B. The parties hereto desire to amend the Credit Agreement as hereinafter set forth.
NOW, THEREFORE, for good and valuable consideration, the receipt of which is hereby acknowledged, including the mutual promises and agreements contained herein, the parties hereto hereby agree as follows:
1. Definitions. Capitalized terms used herein without definition shall have the definition given to them in the Credit Agreement if defined therein.
2. Amendments to Credit Agreement.

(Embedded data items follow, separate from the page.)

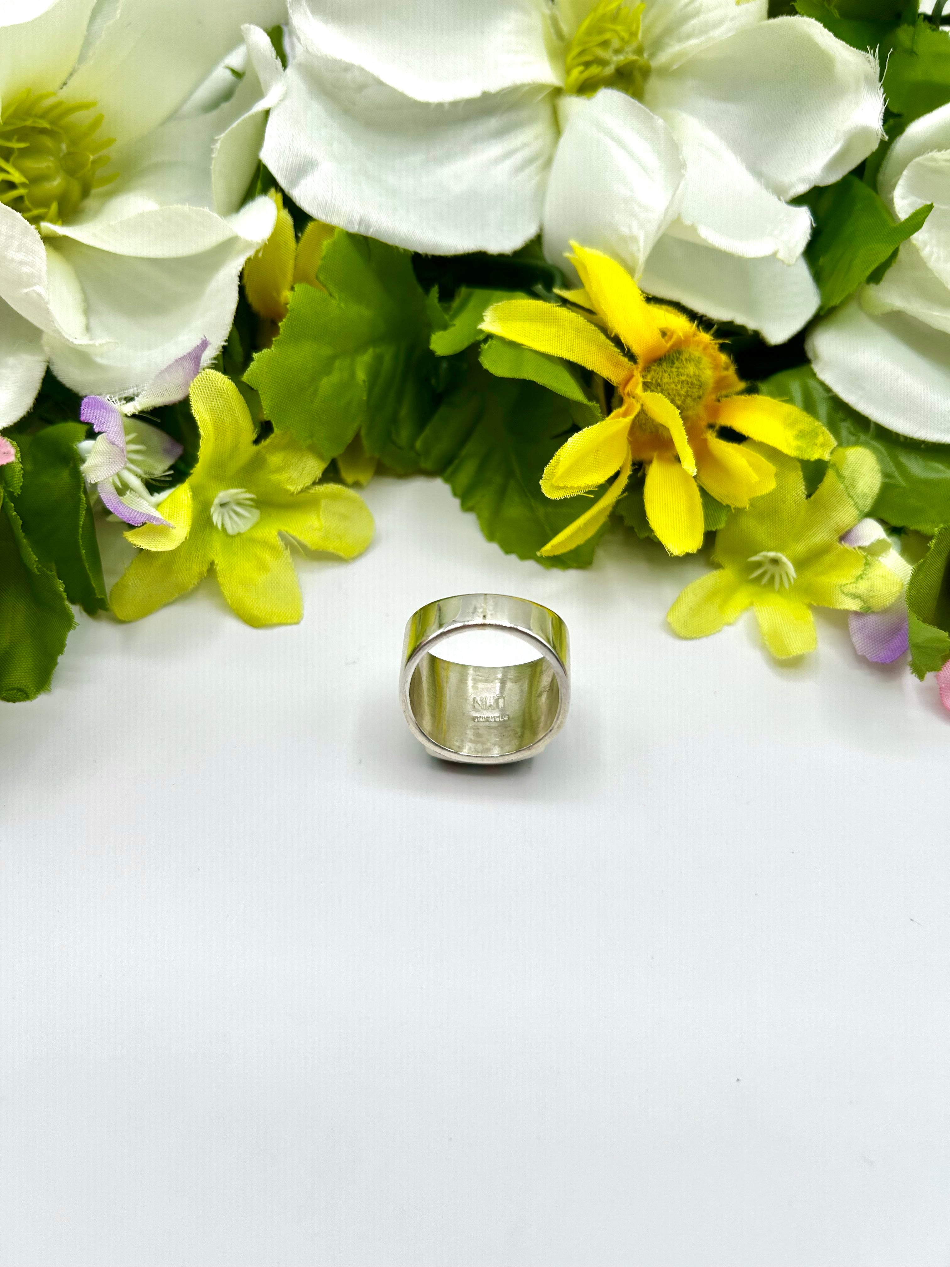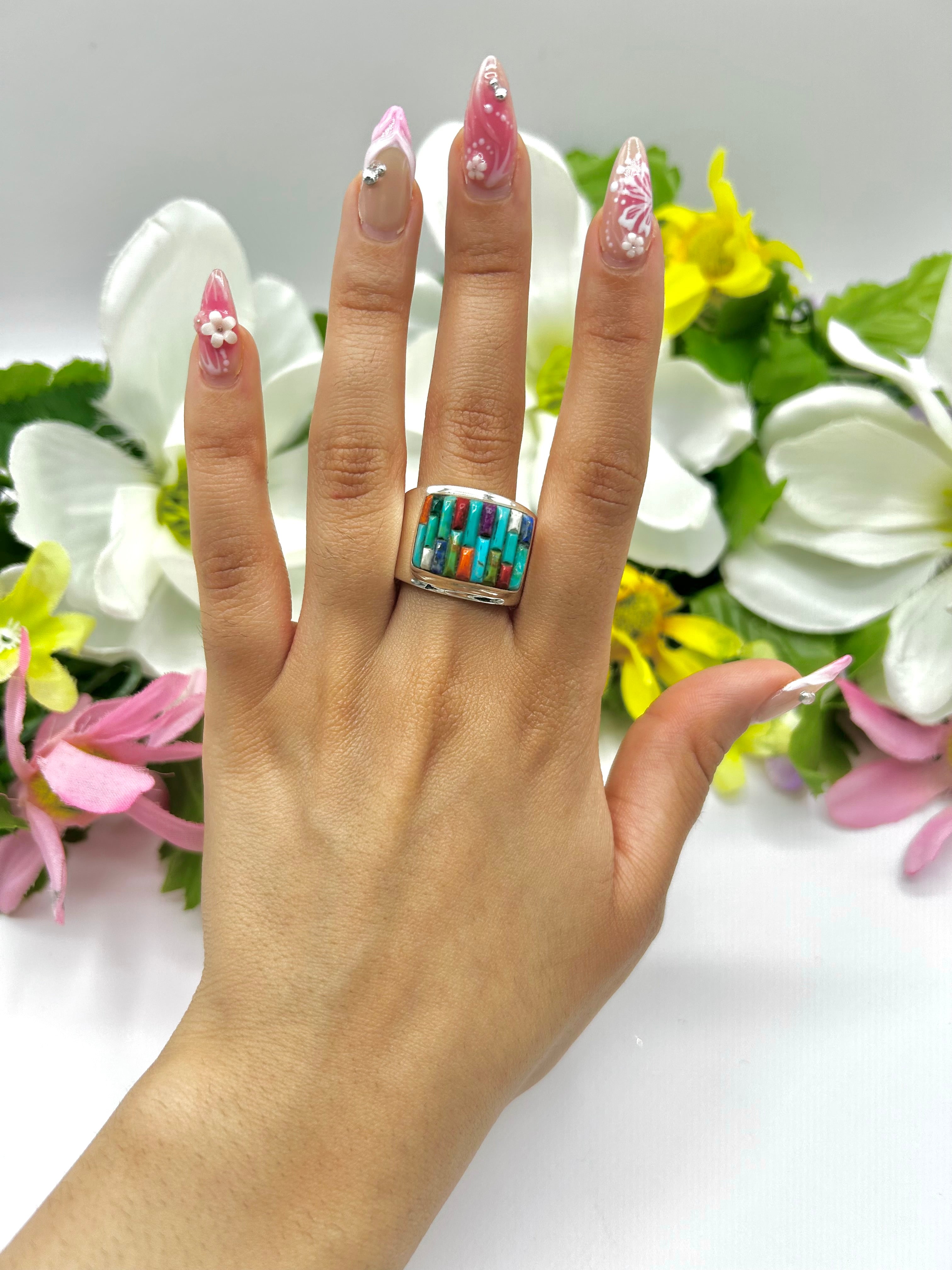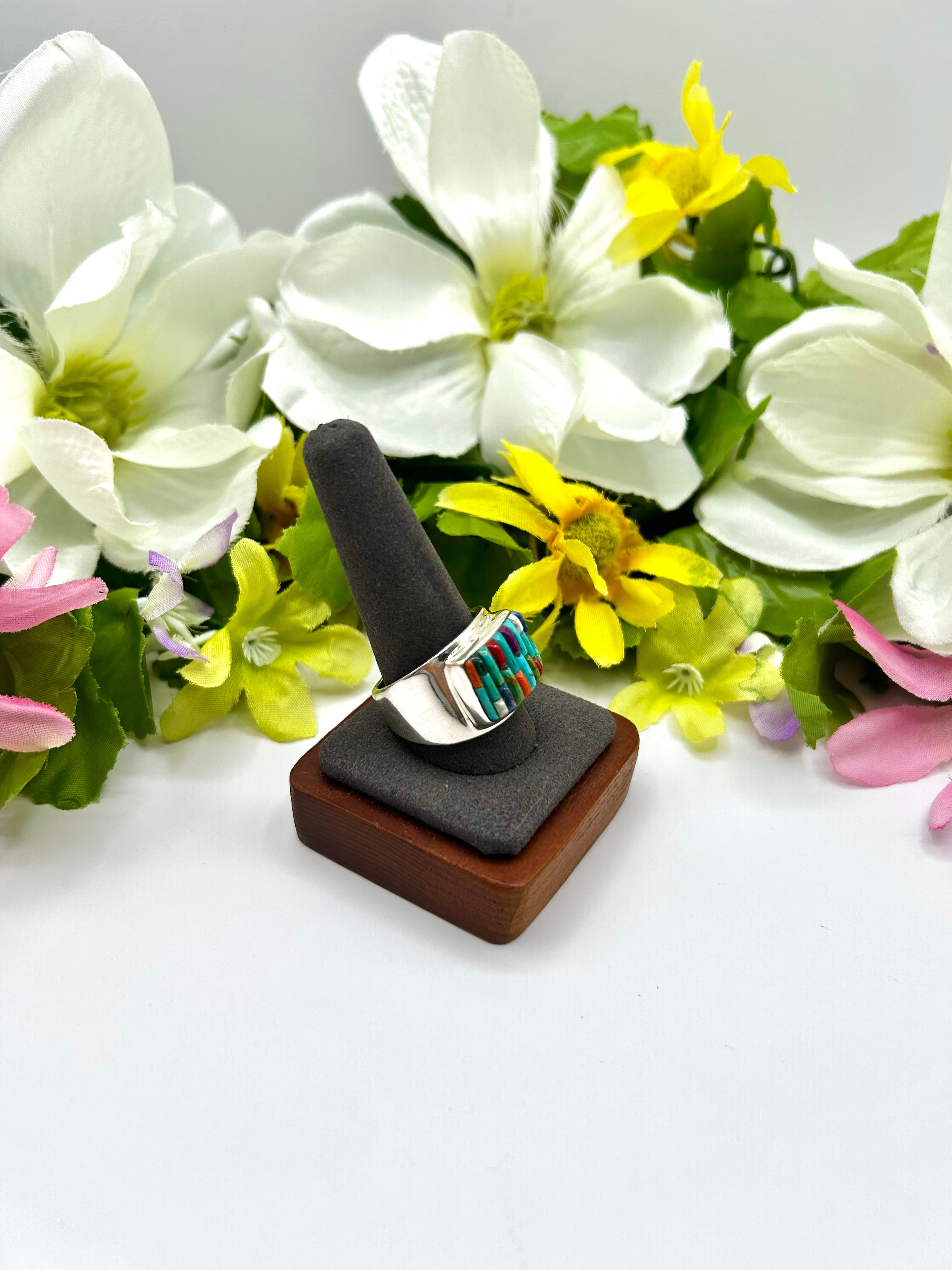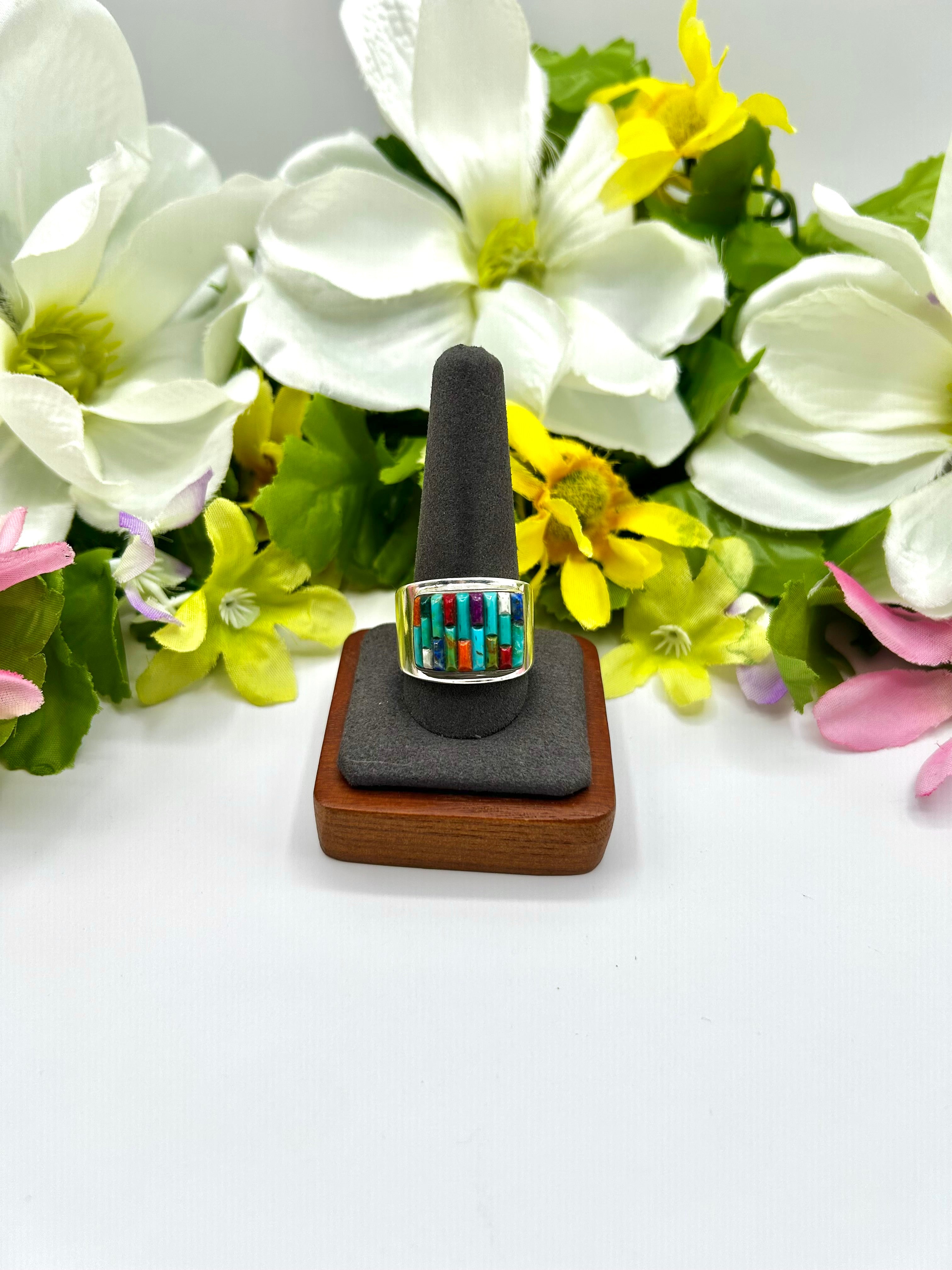 Navajo Made Multi Stone & Sterling Silver Ring Size 12. It measures 3/4 of an inch long and 3/4 of an inch wide. Signed by the artist and stamped sterling silver.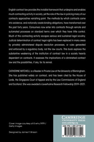 This book offers a succinct account of why English contract law now faces functional and moral redundancy. It explores the diminishing role of the English common law of contract as a regulatory force in modern society, the implications of its decline and possibilities, if any, for its revival.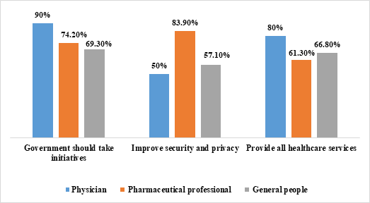 Finally, when stakeholders were asked about their opinions on the future prospect of telemedicine in Bangladesh, 80 % of physicians, 61.30% of pharmaceutical professional and 66.80 % of general people said that telemedicine should provide all health-care services. 50% of doctors, 83.90% of pharmaceutical people, and 57.10% of general people believed that telemedicine should improve security and privacy. 90% physicians, 74.20% of pharmaceutical professional and 69.30% of the common people said that the government should take the necessary steps to introduce telemedicine at all hospitals. Therefore, they concluded that telemedicine can be an effective tool of healthcare system for upcoming pandemics as well as emergency situations. The responses obtained are shown in Figure 7. A Co-relational ANOVA test was done to understand the proposed recommendation about telemedicine among stakeholders. Since 0.509 > 0.05, we cannot reject the null hypothesis Ho and conclude that both stake holders gave same opinion regarding recommendation about telemedicine in case of general people & pharmaceutical professional. Also, for pharmaceutical professional & physician, 0.381 > 0.05, so we cannot reject the null hypothesis Ho and conclude that both stake holders gave same opinion regarding recommendation about telemedicine. These are featured in Table 5.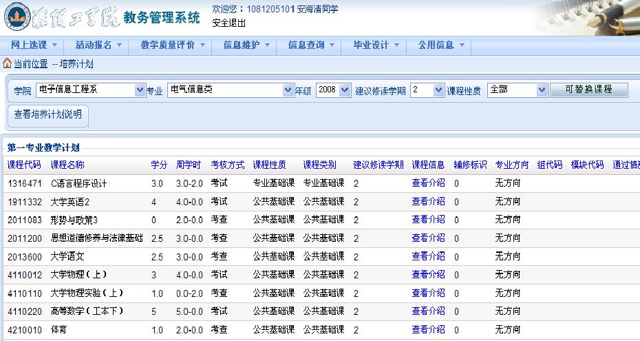 二、查看培养计划、课程安排、课程介绍、教师信息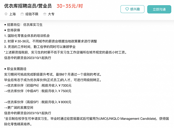 BOSS直聘上一则优衣库上海门店实习生招聘信息显示,实习生时薪为30-36元,若转为正式员工,初级(PN)、中级(AP)、高级(SP)员工税前月收入分别为7000元、7500元和8000元,以上薪资均从10月1日起执行。

The parties hereto agree that the Credit Agreement shall be amended as follows as of the Effective Date:
2.1 Clause (k) of Section 13.8 is hereby amended in its entirety to read as follows:
(k) Investments, in addition to those permitted by clauses (a) through (j) above, in an aggregate amount not exceeding $175,000,000.00.
2.2 Exhibit 13.8(f) is replaced by Exhibit 13.8(f) attached hereto.
3. Borrowers Representations. Borrower hereby represents and warrants that, after giving effect to this Amendment Agreement and the transactions contemplated hereby, no Potential Default or Event of Default has occurred and is continuing under the Credit Agreement or other Loan Documents.
4. Effective Date. This Amendment Agreement shall become effective on the date (Effective Date), that the Administrative Agent receives (a) an original copy of this Amendment Agreement (or original counterparts thereof) duly executed by each party hereto; and (b) payment by wire transfer of each of the costs, expenses described in Section 5 hereof.
Upon the satisfaction of all conditions precedent hereto, the Administrative Agent will notify each party hereto in writing and will provide copies of all appropriate documentation in connection herewith.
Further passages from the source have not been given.